Галка в это время выбирала на открытой витрине разные сорта жвачки, оба кулачка уже были полны пакетиков. Пилюгин схватил дочку за руку, потащил к кассе.
– Ну, пап, я еще вишневую взять хотела, ты же обещал…
– Галка, потом, мне на работу срочно надо. – Пилюгин заставил дочку высыпать из кулаков все упаковки жвачки перед кассиром. Девушка быстро сосчитала, улыбнулась:
– Семьдесят восемь рублей.
Пилюгин торопливо отсчитал десятирублевки.
В машине Галка усердно жевала жвачку и глазела по сторонам. Потом сказала решительно:
– Значит, сегодня ты меня обманул – в зоопарк мы не пошли. Думаешь жвачкой и мороженым откупиться? Не выйдет.
– Я тебе еще что-нибудь куплю, Галчонок. Диски с «Ментами» восьмой и девятый вышли. Хочешь?
Они подъехали к зданию райотдела. На служебной стоянке были два милицейских «уазика», «форд», две «тойоты-камри» и небольшой автобус с зарешеченными окнами. В «тойоте» дверца была приоткрыта и за рулем дремал сержант, надвинув фуражку на глаза.
Пилюгин выдернул ключ зажигания:
– Галчонок, посиди в машине, а? Я скоро. И сразу домой поедем.
– А по дороге заедем и «Ментов» восемь и девять купим, – договорила Галка.
– Точно, – улыбнулся Пилюгин. – Из машины никуда. Я быстро.
Пилюгин решительно направился к подъезду райотдела. И тут ему наперерез бросился Витька:
– Товарищ майор! Товарищ майор!
Пилюгин остановился.
– А-а, это ты? Едва вспомнил тебя… Ну, как рука-то? Болит?
– Ноет… – смущенно ответил Витька.
Пилюгин грустно посмотрел на кожаный колпачок, прикрывавший искалеченную кисть руки.

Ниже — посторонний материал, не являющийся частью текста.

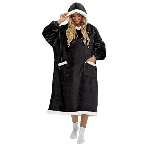 COTTEBED Felpa con cappuccio nera Sherpa da donna coperta indossabile da uomo con cappuccio maglione coperta con tasche coperta a maniche lunghe accappatoio adulto comoda felpa spessa getta nero
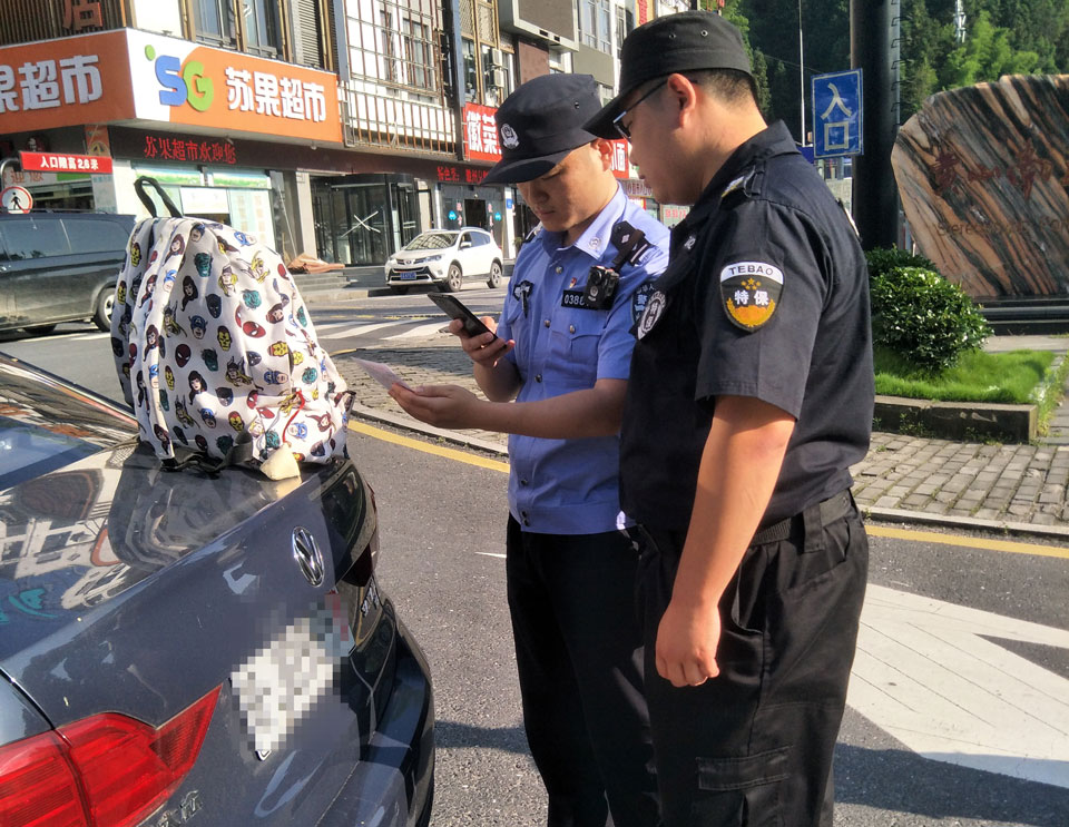2019年6月23日,宗保黃山市湯口市容項(xiàng)目隊(duì)員拾到雙肩包上交民警,得到民警贊揚(yáng)。
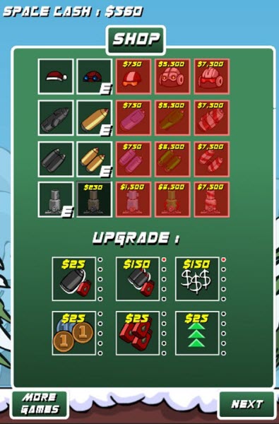 搞笑的圣誕老人造型,動(dòng)感的游戲音效;豐富的游戲道具,幫助你飛的更高;
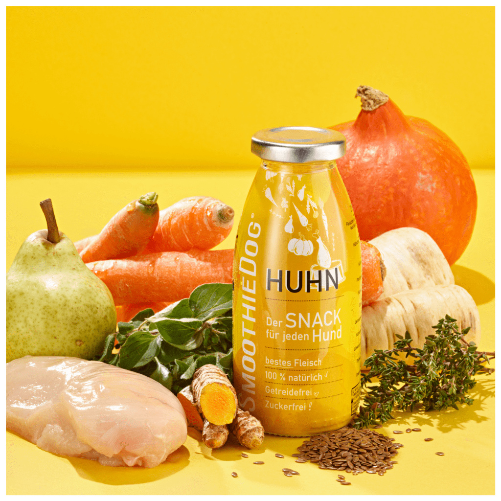 Odrůdy zeleniny pastinák, dýně a mrkev tvoří lví podíl na odrůdě SmoothieDog "CHICKEN". Zejména u kuřecího masa dbáme na dobrý odchov zvířat, který voní a chutná každému psovi. Mrkev má pozitivní vliv na srážlivost krve, může pomoci při průjmu u psů, posiluje imunitní systém a obranyschopnost psa a podporuje krásnou lesklou srst. Čerstvá hruška poskytuje na vitamíny bohatou a lahodnou sladkost. Zlaté lněné semínko podporuje trávení ve střevě psa. Přirozeným barvivem žlutého psího smoothie je superpotravina kurkumaa rozhodně opravdová léčivá rostlina, protože prý působí antibakteriálně a čistí krev. Barevná směs bylinek tymiánu, pampelišky a oregana tuto odrůdu dokonale završuje - pro každého psa od štěněte po seniora.
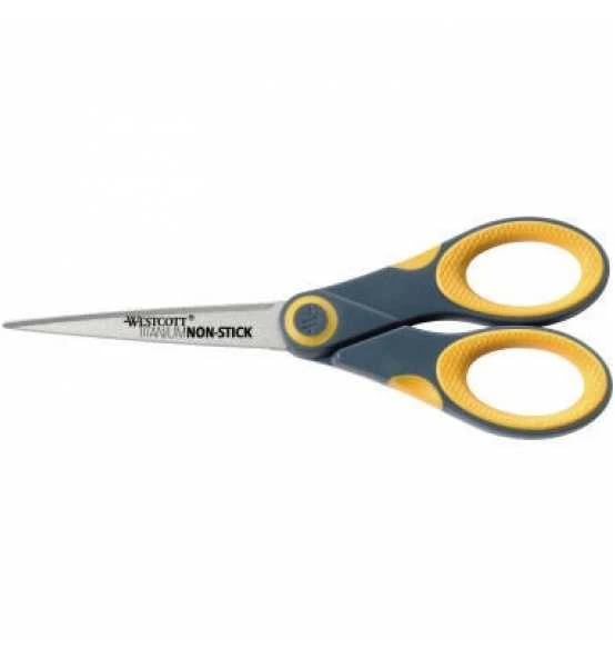 Die Softgrip Schere Titanium Non Stick verfügt über Schneidflächen mit Präzisionsschliff. Ihre haftabweisende Titannitrid Beschichtung mit Non-Stick Formel ist besonders hervorzuheben. Durch die Non-Stick Formel sind die Klingen unempfindlich gegen jegliche Klebstoffe, somit lässt sich eine breitere Palette an Materialien schneiden.

– А протез сделать нельзя?
– Да можно, наверное… только очень дорого…
– Понимаю, – вздохнул сочувственно Пилюгин. – А здесь ты чего нарисовался?
– Вас ждал… – Витька смотрел в сторону.
– Зачем?
– Мама… я боюсь, она за вами пошла…
– Что это значит – за мной? – переспросил Пилюгин.
– Она хочет убить вас… револьвер с собой взяла… Она мне говорила: «Я его все равно застрелю».
– Когда говорила? – перебил Пилюгин.
– Много раз говорила.
– А откуда у нее револьвер?
– Это папин револьвер… именной…
– Из которого он в Муравьева стрелял? Н-да-а… а мы его так и не нашли тогда. И отец твой сказал, что в Яузу его выкинул. Значит, сохранил? Лопухнулись мы…
– Она записку мне оставила – вот. – Витька достал из кармана джинсов свернутый листок, протянул майору.
Пилюгин прочитал записку и взглянул на Витьку:
– Тебя как зовут, забыл…
– Витя.
– И куда, думаешь, пошла твоя мама? И как ее зовут-то?
– Полина Ивановна. Она сюда пошла, я думаю… Она же не знает, где вы живете. И я не знаю, а то бы я сразу к вам домой поехал.
– Молодец, правильно сделал, что сюда пришел. – Пилюгин оглядывался по сторонам, словно ожидал увидеть Полину. – Ты давно здесь?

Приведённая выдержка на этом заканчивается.